If I come across as a Processing evangelist, I apologise. There are a
number of tools that can be used to teach computation as a digital media
tool, including of course Flash and Director. I suppose I'm inevitably
arguing a purist approach to computation...
> Processing is not a "graphic app",
Do you mean it is a programming language?
Yes. Processing currently translates into Java code, but could
theoretically be ported to use another code base (i.e. C++ and OpenGL). The
decision to use Java derives from its cross-platform and web publishing
advantages. But the Processing language (as described here:
http://processing.org/reference/) is a complete programming language, with
a strong bias towards graphics, interaction, sound and simulation.
Great. You must have given some thought to this, Marius, and what it might
take to produce a tool that does not produce narrow visual expression. I
would be very interested to hear your thoughts on the matter.
What metaphors are you thinking of? In particular, I'm interested in the
Director and Flash metaphors you don't employ. Are there other metaphors you
These are important questions. The current discourse on software art and
computational design criticizes the assumption that software is neutral or
transparent in reflecting the user's actions. All tools have bias, so the
choice of tools becomes a choice of bias.
The reason I say that Processing does not have a narrow visual expression
is obvious. It has a graphics library for dealing with 2D and 3D graphics,
as well as raster graphics. It also allows realtime video processing,
enabling experiments with webcams, interactive video tracking and
experimental film. Like any tool, Processing has a visual bias in how its
graphics library is set up. Its functionality is based on concepts from
Postscript and OpenGL, both systems widely accepted for their versatility.
Flash and Director are based on the concepts of the timeline, movie clips,
symbols and scripts that are attached either to symbols or frames.
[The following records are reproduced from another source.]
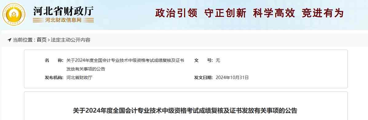 2024年度全国会计专业技术中级资格考试成绩已经在财政部会计财务评价中心网站公布,现就河北省考区成绩查询、成绩复核、报名信息勘误、证书发放等有关工作公告如下:
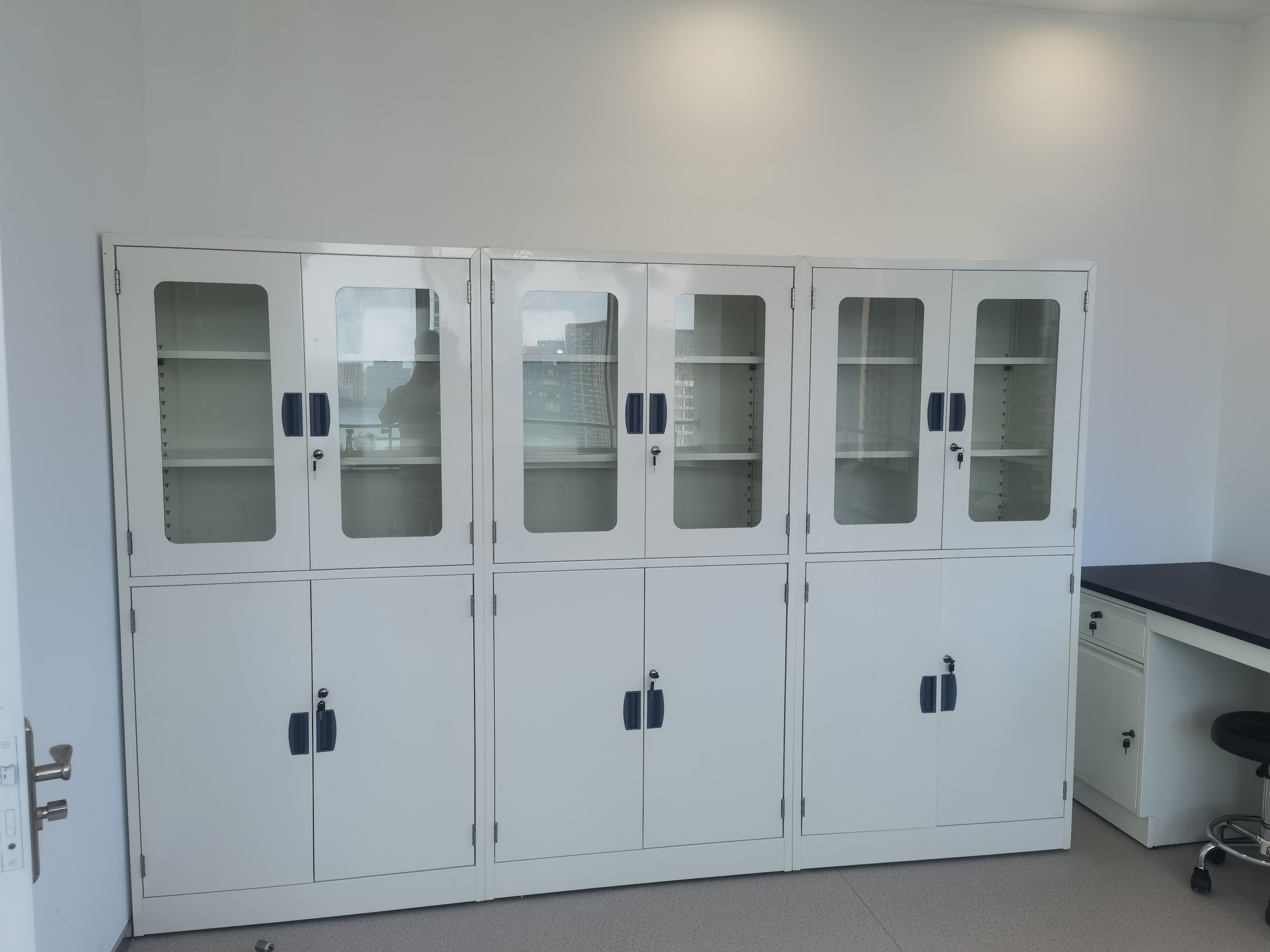 1. 柜体材质:柜体结构采用厚1.2mm的冷轧钢板模压成型,所有柜体表面均经过EPOXY RESIN粉末静电喷涂处理,具有抗酸碱、防化、防潮、耐高温以及耐磨,柜体中隔板由四个钢制层板扣支撑,高度可任意调节,13mm可上下移动,承重为30kg。
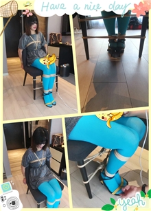 【JS】瑾萱 蓝色胶衣 胶带封嘴 椅子束缚挣扎

This is
an excellent framework for working with animation, particularly with media
created in other tools. Flash excels at 2D vector-based graphics and is
good for interactive projects and . It is not well suited to realtime 3D,
pixel graphics, serial communication, sound synthesis or video processing.
Processing reduces its structure to setup, loop and events. For advanced
concepts it encourages the use of object-oriented programming. The
stripped-down nature both of the tool and the language is intentional, and
means that it is well-suited for beginners experimenting with interaction,
simulation and computational form. It allows the programmer to create the
metaphors of timeline, movie clips etc., but it does not require them. It
is a genuine programming language, but does not require the user to know
about compilers or IDEs.
I want to teach students who are used to thinking visually to see how
computational processes can influence their design and art practices. A
tool like Flash requires the user to work in a specific way in order to
accomplish results, and is not focused on computational form. Processing
has fewer limitations in terms of work flow, and I can have students
drawing computational compositions within minutes of showing them the tool.
Processing is not yet Open Source, but will most likely become so in the
near future. Already, various people have created external libraries for
sound synthesis and analysis, 3D file output and advanced particle system
simulations. The extensibility of the tool adds to its appeal. Because it
is based on Java, anyone can extend it by creating their own libraries for
any functionality they might need.
Why just prototypes? Director has certain limitations that I know of that
As a teaching and research tool for non-programmers, Processing is easy to
learn and allows for the exploration of computational form. For
programmers, it is a tool for sketching quickly without having to worry
about details. For finished work, be it animation, interactive
installations, performance or net-based art, Processing is currently a
little clunky. Java is (relatively) slow, and the Processing rendering
engine can't compare with Flash or native OpenGL applications. Also, it has
limited support for complex digital media like vector graphics and 3D objects.
The strength of Processing is its simplicity and extensibility, not in
being an optimal tool for professional digital media production.